# Work order
Would you restate the entries below word for word, leaving out the images?

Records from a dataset
[Start of section]

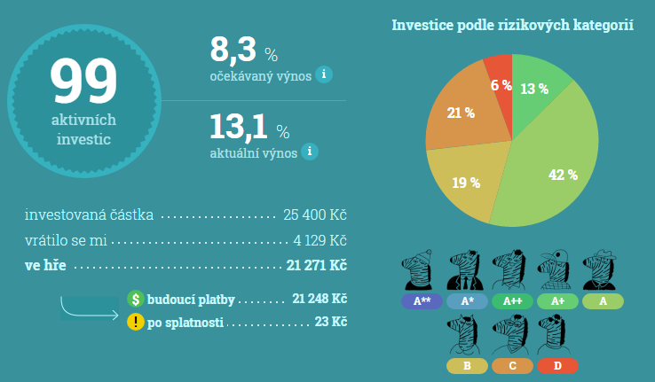 Výhoda je, že je to v korunách, a tudíž není potřeba čekat, až se ČNB umoudří. Zatím se mi nestalo, že by mi nějaká půjčka úplně vypadla. Občas někdo zaplatí o pár dní později, ale nakonec vždycky zaplatí. Za březen se mi povedlo vychytat 37 nových půjček. Yay. Budu s tím pokračovat podobným tempem, jak to půjde.
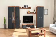 Стенка для гостиной Сакура Блонски поможет внести новизну в Ваше жилье. Цветовая гамма гарнитура очень насыщенная: яркий натуральный цвет слива венгерская скомбинирован с глянцевыми графитовыми фасадами. Дизайн некоторых элементов ассиметричен, что создает некий итерьерный хаос и привлекает внимание. Большое количество открытых элементов, стекол, навесных элементов делает мебель Sakura Blonski практически невесомой.
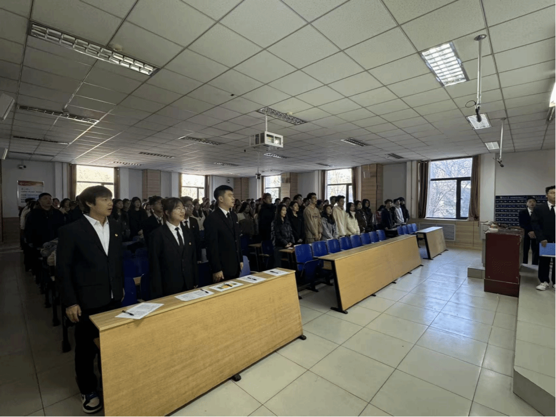 仪式现场氛围庄重热烈,四项议程依次有序推进。伴随着激昂嘹亮的团歌声,全体人员起立肃立,开班仪式正式拉开帷幕。随后,数学学院学生兼职团委副书记仝晓兰同学发表开班致辞,围绕青马工程初心使命,鼓励学员们坚定理想信念、锤炼过硬本领。数学学院学生会主席金子鑫同学发言并宣读考核制度,明确学习实践要求,传递“团结、创新、积极、求实”的班风理念。最后,全体学员在主持人带领下庄严宣誓,铮铮誓言凝聚着听党话、跟党走的坚定决心,展现了新时代青年的责任担当。
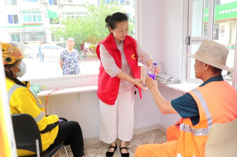 惠民社区新时代文明实践点旨在打造爱心休息室、志愿服务站、党建学习区多功能文明实践场所,免费对外开放,为环卫工人、快递员、外卖小哥、出租车司机提供休息服务。除了原有的空调等基础设施,还增添了手机充电器、矿泉水、急救包、老花镜、血压仪、自行车打气筒、针线以及雨伞等暖心用品。此外,还提供书籍以及党报党刊,让居民随时随地学习党的政策理论。
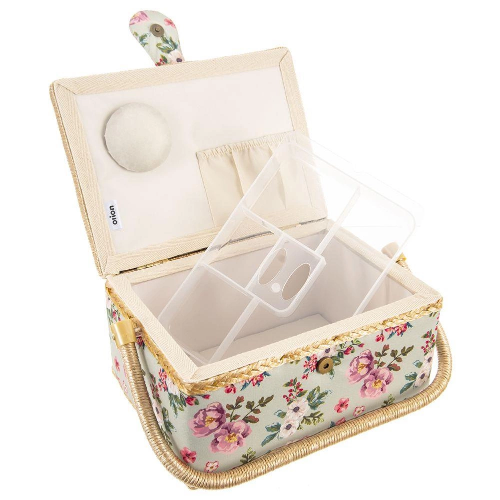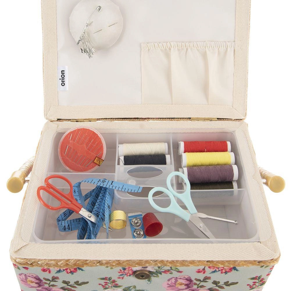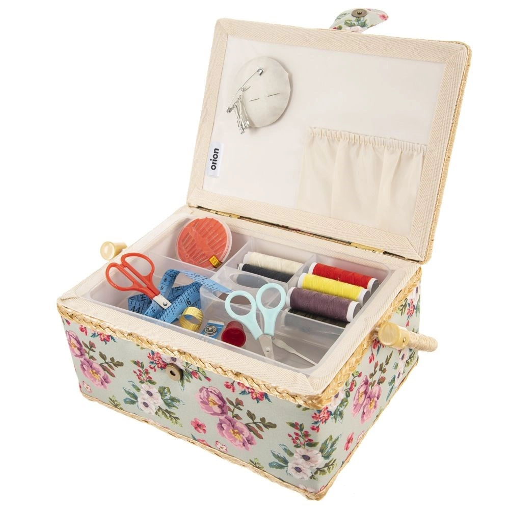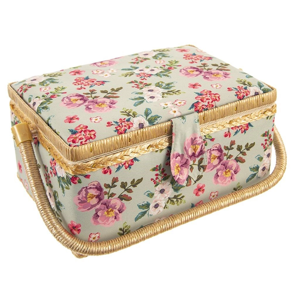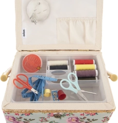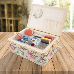 Тази стилна кутия за шевни принадлежности е идеалното решение за всеки, който иска шивашките неща винаги под ръка и перфектно организирани. Благодарение на флоралния мотив и здравата изработка изглежда декоративно и в същото време е максимално функционална. Подходяща е и като органайзер за бижута и дребни творчески материали.
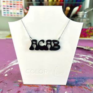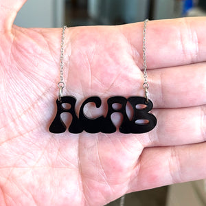 Short, sweet and to the point - our ACAB necklace is just that: the centerpiece reads ACAB in black acrylic in a bottom-heavy groovy font.
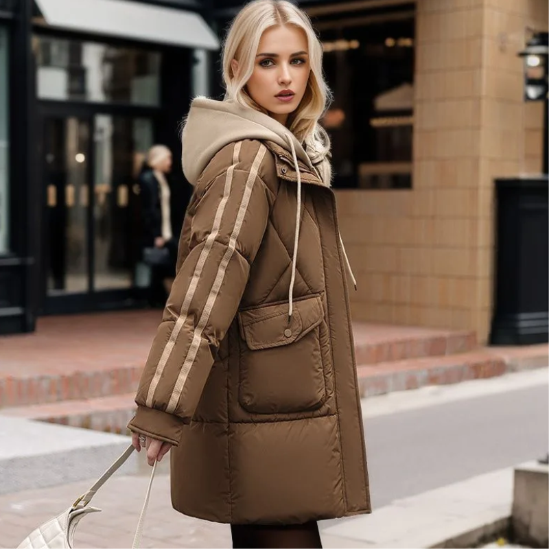 Norinna | Wasserdichter Wintermantel für Damen mit Kapuze, Klappentaschen und Reißverschluss
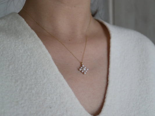 Akoya Pearl Mặt Dây Chuyền Hình Bông Tuyết Thánh Giá Vàng 18K & Kim Cương
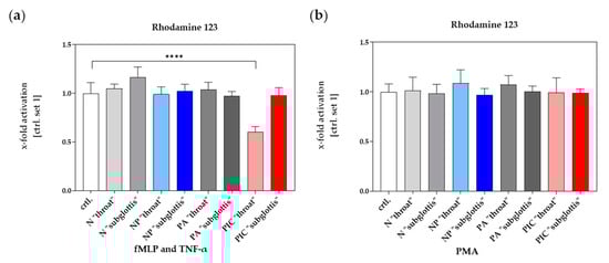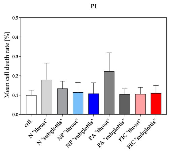 Flow cytometry (FACSCalibur, BD Sciences, Franklin Lakes, NJ, USA) was used in combination with the software CellQuest Pro (version 5.2, BD Biosciences) to evaluate the expression of surface antigens (CD11b, CD62L, and CD66b), respiratory burst activity in form of ROS production and cell death rates of PMNs after different treatments (ctrl., N, NP, PA, PIC) at the positions (“throat” and “subglottis”). As in
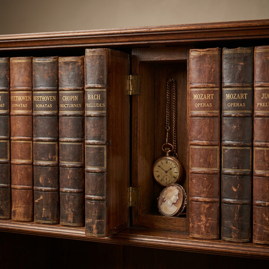It was painted and tooled to look exactly like a leather-bound volume of Beethoven or Liszt. But it was hinged at the side, and if you pulled the spine forward, the whole false “book” swung out like a door.
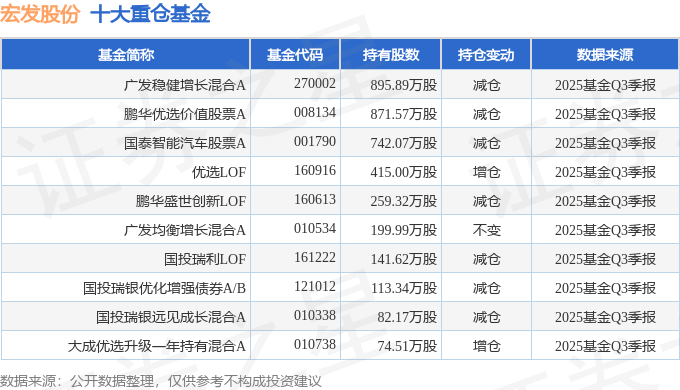 持有宏发股份最多的基金为广发稳健增长混合A,目前规模为101.66亿元,最新净值1.6398(10月31日),较上一交易日下跌0.39%,近一年上涨10.86%。该基金现任基金经理为傅友兴 周智硕。

[End of section]

# Response for this exercise
 Výhoda je, že je to v korunách, a tudíž není potřeba čekat, až se ČNB umoudří. Zatím se mi nestalo, že by mi nějaká půjčka úplně vypadla. Občas někdo zaplatí o pár dní později, ale nakonec vždycky zaplatí. Za březen se mi povedlo vychytat 37 nových půjček. Yay. Budu s tím pokračovat podobným tempem, jak to půjde.
 Стенка для гостиной Сакура Блонски поможет внести новизну в Ваше жилье. Цветовая гамма гарнитура очень насыщенная: яркий натуральный цвет слива венгерская скомбинирован с глянцевыми графитовыми фасадами. Дизайн некоторых элементов ассиметричен, что создает некий итерьерный хаос и привлекает внимание. Большое количество открытых элементов, стекол, навесных элементов делает мебель Sakura Blonski практически невесомой.
 仪式现场氛围庄重热烈,四项议程依次有序推进。伴随着激昂嘹亮的团歌声,全体人员起立肃立,开班仪式正式拉开帷幕。随后,数学学院学生兼职团委副书记仝晓兰同学发表开班致辞,围绕青马工程初心使命,鼓励学员们坚定理想信念、锤炼过硬本领。数学学院学生会主席金子鑫同学发言并宣读考核制度,明确学习实践要求,传递“团结、创新、积极、求实”的班风理念。最后,全体学员在主持人带领下庄严宣誓,铮铮誓言凝聚着听党话、跟党走的坚定决心,展现了新时代青年的责任担当。
 惠民社区新时代文明实践点旨在打造爱心休息室、志愿服务站、党建学习区多功能文明实践场所,免费对外开放,为环卫工人、快递员、外卖小哥、出租车司机提供休息服务。除了原有的空调等基础设施,还增添了手机充电器、矿泉水、急救包、老花镜、血压仪、自行车打气筒、针线以及雨伞等暖心用品。此外,还提供书籍以及党报党刊,让居民随时随地学习党的政策理论。
 Тази стилна кутия за шевни принадлежности е идеалното решение за всеки, който иска шивашките неща винаги под ръка и перфектно организирани. Благодарение на флоралния мотив и здравата изработка изглежда декоративно и в същото време е максимално функционална. Подходяща е и като органайзер за бижута и дребни творчески материали.
 Short, sweet and to the point - our ACAB necklace is just that: the centerpiece reads ACAB in black acrylic in a bottom-heavy groovy font.
 Norinna | Wasserdichter Wintermantel für Damen mit Kapuze, Klappentaschen und Reißverschluss
 Akoya Pearl Mặt Dây Chuyền Hình Bông Tuyết Thánh Giá Vàng 18K & Kim Cương
 Flow cytometry (FACSCalibur, BD Sciences, Franklin Lakes, NJ, USA) was used in combination with the software CellQuest Pro (version 5.2, BD Biosciences) to evaluate the expression of surface antigens (CD11b, CD62L, and CD66b), respiratory burst activity in form of ROS production and cell death rates of PMNs after different treatments (ctrl., N, NP, PA, PIC) at the positions (“throat” and “subglottis”). As in
It was painted and tooled to look exactly like a leather-bound volume of Beethoven or Liszt. But it was hinged at the side, and if you pulled the spine forward, the whole false “book” swung out like a door.
 持有宏发股份最多的基金为广发稳健增长混合A,目前规模为101.66亿元,最新净值1.6398(10月31日),较上一交易日下跌0.39%,近一年上涨10.86%。该基金现任基金经理为傅友兴 周智硕。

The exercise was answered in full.